[The task]
Repeat the data exactly as it stands.

[Stored dataset items]
+ + +

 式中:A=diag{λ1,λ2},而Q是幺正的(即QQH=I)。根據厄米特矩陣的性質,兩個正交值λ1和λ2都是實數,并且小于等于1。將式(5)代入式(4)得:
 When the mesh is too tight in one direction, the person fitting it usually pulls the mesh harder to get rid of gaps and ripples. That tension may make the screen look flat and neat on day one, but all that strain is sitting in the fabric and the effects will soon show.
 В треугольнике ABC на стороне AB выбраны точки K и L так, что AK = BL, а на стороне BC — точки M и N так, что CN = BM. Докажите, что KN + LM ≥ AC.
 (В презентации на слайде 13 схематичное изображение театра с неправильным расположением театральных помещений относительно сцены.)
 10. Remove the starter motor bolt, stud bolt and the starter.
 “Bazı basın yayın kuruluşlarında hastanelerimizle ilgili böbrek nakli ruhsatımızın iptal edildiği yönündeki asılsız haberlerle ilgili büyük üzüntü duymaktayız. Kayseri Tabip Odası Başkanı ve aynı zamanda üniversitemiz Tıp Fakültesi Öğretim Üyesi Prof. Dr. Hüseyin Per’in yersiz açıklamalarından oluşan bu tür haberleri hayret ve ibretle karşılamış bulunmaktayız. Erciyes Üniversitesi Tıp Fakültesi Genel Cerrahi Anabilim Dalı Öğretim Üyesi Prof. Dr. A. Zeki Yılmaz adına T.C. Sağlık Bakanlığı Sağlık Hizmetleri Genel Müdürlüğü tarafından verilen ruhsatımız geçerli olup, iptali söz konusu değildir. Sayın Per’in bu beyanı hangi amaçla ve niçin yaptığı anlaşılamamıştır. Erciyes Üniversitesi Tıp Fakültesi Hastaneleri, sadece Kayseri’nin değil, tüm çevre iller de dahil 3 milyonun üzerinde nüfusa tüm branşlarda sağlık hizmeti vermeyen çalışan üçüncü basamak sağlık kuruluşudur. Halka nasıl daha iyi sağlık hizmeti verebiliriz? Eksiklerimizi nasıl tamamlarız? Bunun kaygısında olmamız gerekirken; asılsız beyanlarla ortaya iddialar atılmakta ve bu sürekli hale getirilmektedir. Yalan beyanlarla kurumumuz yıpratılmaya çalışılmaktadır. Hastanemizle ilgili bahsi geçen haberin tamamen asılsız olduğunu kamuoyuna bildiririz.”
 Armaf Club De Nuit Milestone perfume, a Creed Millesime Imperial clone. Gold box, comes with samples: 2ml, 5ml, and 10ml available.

+ + +

[Exercise response]
 式中:A=diag{λ1,λ2},而Q是幺正的(即QQH=I)。根據厄米特矩陣的性質,兩個正交值λ1和λ2都是實數,并且小于等于1。將式(5)代入式(4)得:
 When the mesh is too tight in one direction, the person fitting it usually pulls the mesh harder to get rid of gaps and ripples. That tension may make the screen look flat and neat on day one, but all that strain is sitting in the fabric and the effects will soon show.
 В треугольнике ABC на стороне AB выбраны точки K и L так, что AK = BL, а на стороне BC — точки M и N так, что CN = BM. Докажите, что KN + LM ≥ AC.
 (В презентации на слайде 13 схематичное изображение театра с неправильным расположением театральных помещений относительно сцены.)
 10. Remove the starter motor bolt, stud bolt and the starter.
 “Bazı basın yayın kuruluşlarında hastanelerimizle ilgili böbrek nakli ruhsatımızın iptal edildiği yönündeki asılsız haberlerle ilgili büyük üzüntü duymaktayız. Kayseri Tabip Odası Başkanı ve aynı zamanda üniversitemiz Tıp Fakültesi Öğretim Üyesi Prof. Dr. Hüseyin Per’in yersiz açıklamalarından oluşan bu tür haberleri hayret ve ibretle karşılamış bulunmaktayız. Erciyes Üniversitesi Tıp Fakültesi Genel Cerrahi Anabilim Dalı Öğretim Üyesi Prof. Dr. A. Zeki Yılmaz adına T.C. Sağlık Bakanlığı Sağlık Hizmetleri Genel Müdürlüğü tarafından verilen ruhsatımız geçerli olup, iptali söz konusu değildir. Sayın Per’in bu beyanı hangi amaçla ve niçin yaptığı anlaşılamamıştır. Erciyes Üniversitesi Tıp Fakültesi Hastaneleri, sadece Kayseri’nin değil, tüm çevre iller de dahil 3 milyonun üzerinde nüfusa tüm branşlarda sağlık hizmeti vermeyen çalışan üçüncü basamak sağlık kuruluşudur. Halka nasıl daha iyi sağlık hizmeti verebiliriz? Eksiklerimizi nasıl tamamlarız? Bunun kaygısında olmamız gerekirken; asılsız beyanlarla ortaya iddialar atılmakta ve bu sürekli hale getirilmektedir. Yalan beyanlarla kurumumuz yıpratılmaya çalışılmaktadır. Hastanemizle ilgili bahsi geçen haberin tamamen asılsız olduğunu kamuoyuna bildiririz.”
 Armaf Club De Nuit Milestone perfume, a Creed Millesime Imperial clone. Gold box, comes with samples: 2ml, 5ml, and 10ml available.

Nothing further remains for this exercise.